MLT-401 possesses significant antiproliferative activity and scavenges free radicals released through mitochondrial membrane damage in a Jurkat cell line model of cancer cells. Further investigation of MLT-401 as a chemotherapeutic anticancer agent and development of other arylidene indanone analogues are warranted. A detailed elucidation of mechanistic pathways is required for further development.

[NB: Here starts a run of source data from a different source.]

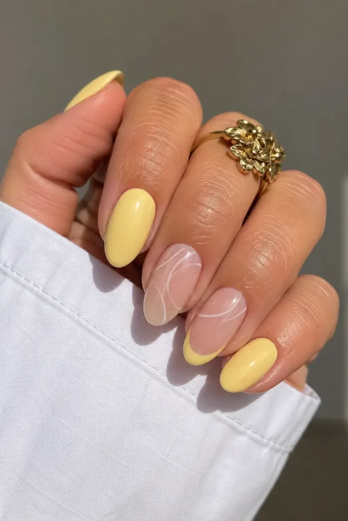 6. Yellow Almond Nails with Sheer Line Art
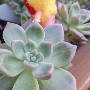 葉先がほんのりピンクで 可愛い子がいました😃 エケベリア属エピアン グラプトベリアのアバンギャルドと 一緒にもらったのでいつも どっちだっけ🤔❓と考えてしまう😅 チキンキュピちゃんのキュートなオチリで 🏷オケツの日 初参加させてください🤗
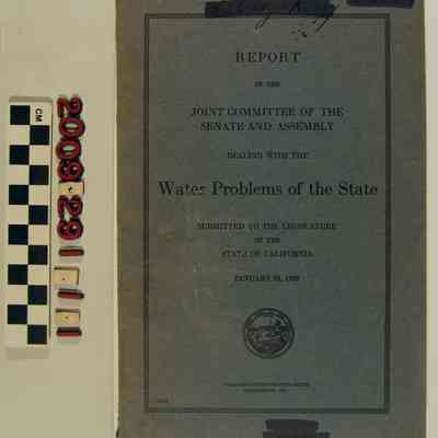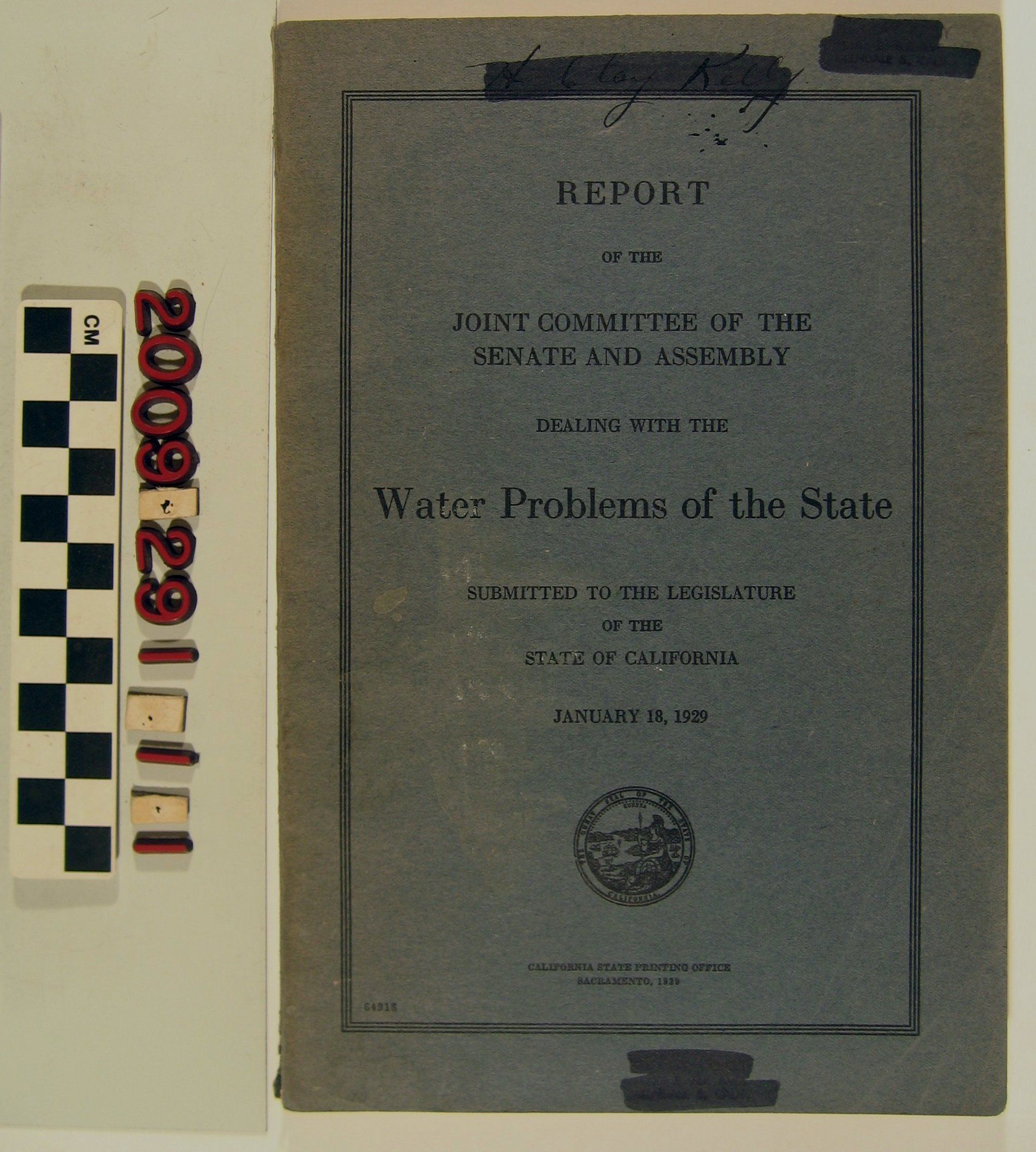 "Report of the Joint Committee of the Senate and Assembly Dealing with the Water Problems of the State," 18 January 1929, published by the California State Printing Office. Sections deal with reservoirs, water use and conservation, hydroelectric power, irrigation and other issues. With stains, soiling, tears and creases on wrappers, but clean pages, the overall condition is good.Lexicon

Oxidative stress usually occurs as an imbalance between the production of free radicals and the ability of the body to counteract or detoxify their harmful effects by scavenging or neutralizing them with antioxidants that convert free radicals, and their derivatives such as H2O2, to benign molecules. Excessive free radical production with low antioxidant defense leads to many pathophysiological conditions [1]. The antioxidants present in normal physiological conditions counteract the free radicals such as reactive oxygen species (ROS) by scavenging them, and thus protecting the body against oxidative damage. Free radicals are considered the main cause of various diseases such as cancer. Unmanaged free radicals lead to development of resistance to multiple drugs in tumor cells and have become a major threat to public health in context of relationships that exist between free radicals and cancers [2]. Chemotherapy considerably improves survivals rates and stops further spread of cancer cells, however, is mostly restricted by its toxic side effects [3]. Because of the resistance that malignant cells accumulate against anticancer drugs, there is great interest in the search for new therapeutic agents [4]. The development of high throughput and high content screening has resulted in many synthetic chemical compounds tested for bioactivity in vitro. These chemical compounds add value in the current drug research with focus on effective, economical, and less toxic drugs.

Arylidene and its derivatives are well known for their antituberculosis activity [5, 6], inhibition in the cell cycle of Src homology region 2 domain-containing phosphatase-2 (SHP-2), a nonreceptor tyrosine-protein phosphatase encoded by PTPN11 [7], molluscicidal activity [8], antide-generative activity [9], and hypoglycemic and hypolipidemic activities [10]. Compounds synthesized by combining arylidene indanone scaffolds have increased cytotoxic potencies [11, 12, 13].

The search for biologically active compounds with a safe therapeutic margin has been the key focus of drug discovery in recent years [14, 15].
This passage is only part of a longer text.